RZ: This is really hard to call. A lot of it really boils down to Reyes, who some bloggers think won’t see a game in a Rockies uniform. I don’t think the Rockies will be that lucky or smart and expect him to be with the team by the trading deadline. On the other hand, the Rockies had a heck of a time with rain delays last year, with a total of 26 hours of rain delays over 24 games not counting suspended and postponed games. It definitely didn’t help the team get in a rhythm. We also don’t know if Charlie Blackmon or Carlos Gonzalez will be traded at the deadline if Colorado has the rocky start that’s projected. But by August, the farm system should keep bubbling up starting pitching, Reyes should be sorted out (one way or another) as he gives way to Trevor Story, and outfielders like David Dahl and Raimel Tapia should debut. So, I wouldn’t be surprised if the Rockies play like a 70 win team until the deadline and an 80 win team after the deadline. Let’s call it at 74, but I’ve called it high a few years straight for various reasons.

C70: Which team in the division do you most enjoy beating and how do you think you’ll fare against them in 2016?

RP: That’s tough. It’s between the Dodgers and Giants, but I’m going with the Dodgers. They’re the Yankees of the West and it’s great to beat them, but that rotation is nasty. We face them 19 times this year and my heart says 10-9, my mind says 6-13.

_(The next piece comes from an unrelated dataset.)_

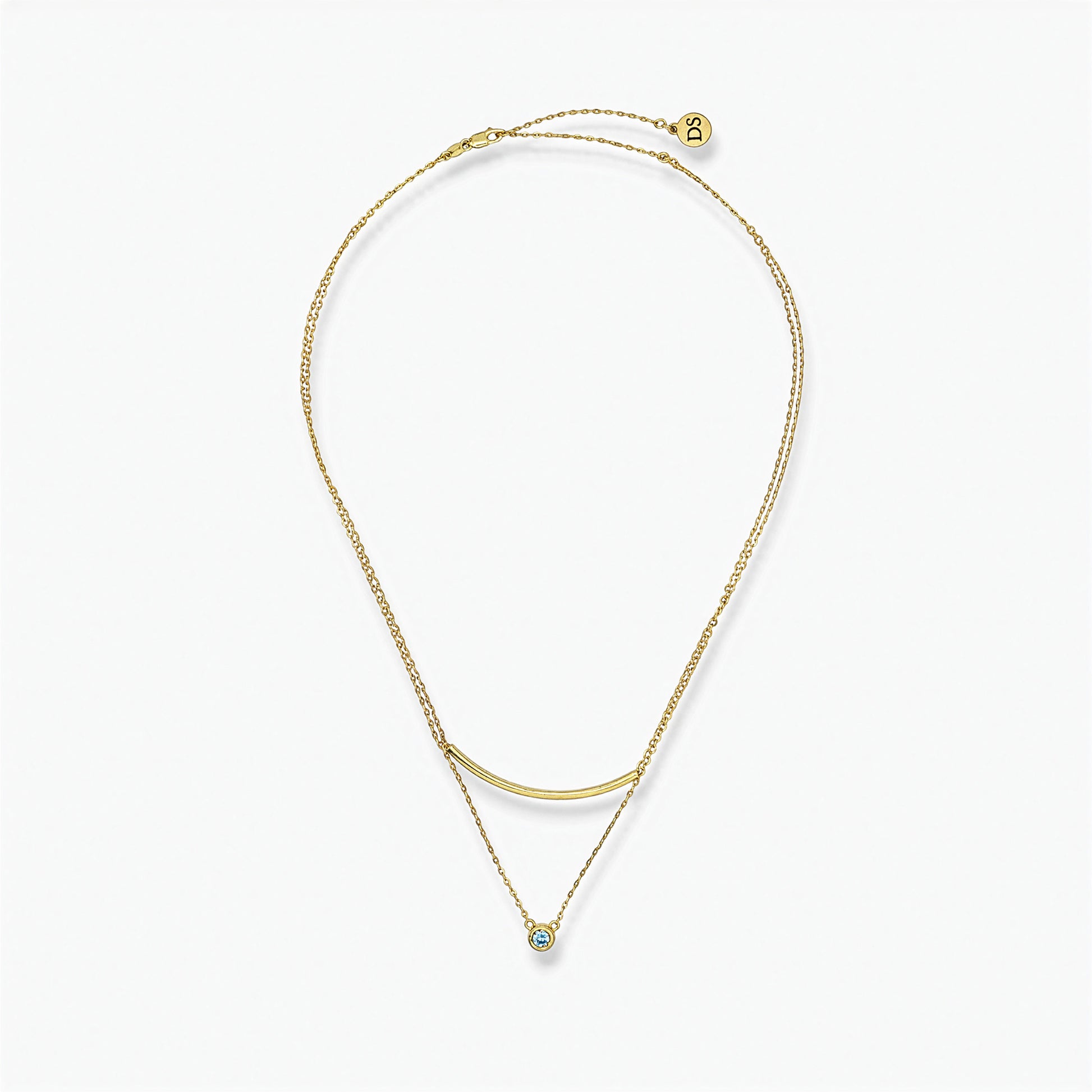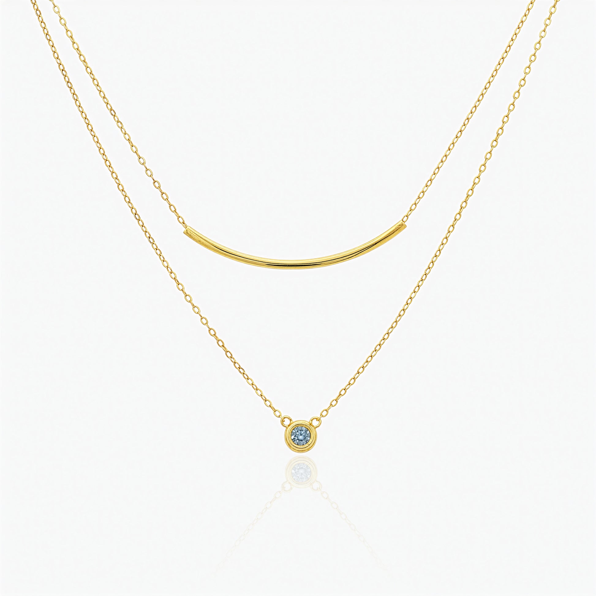 Collana donna in argento sterling 925 placcato oro, caratterizzata da una maglia sottile in stile layered che unisce eleganza e modernità. Il pendente centrale con zircone AAA blu cattura la luce con brillantezza, mentre la maglia curva dal design geometrico aggiunge un tocco contemporaneo e sofisticato. Un gioiello perfetto per chi ama i dettagli unici e raffinati.

RZ: Outside the division, Rockies/Cubs series are always wacky entertaining, especially with all the Chicago transplants living in Denver. Inside the division, the Dodgers not only won 11 of 19 versus the Rockies, but many were games the Rockies had a shot at winning (until Adrian Gonzalez would step up to the plate). The Dodgers should be more vulnerable this year, and it’ll probably be a relief that the Rockies won’t have to face Clayton Kershaw and Zack Greinke on back to back days, since Greinke’s now a Diamondback. The danger is that, even though the Rockies have quite a bit of talent coming up in their farm system, the Dodgers are also graduating prospects.

I appreciate Isaac and Richard spending the time to talk about their team.  Even if it is another long season, getting to see Arenado play every day is a pretty nice consolation prize!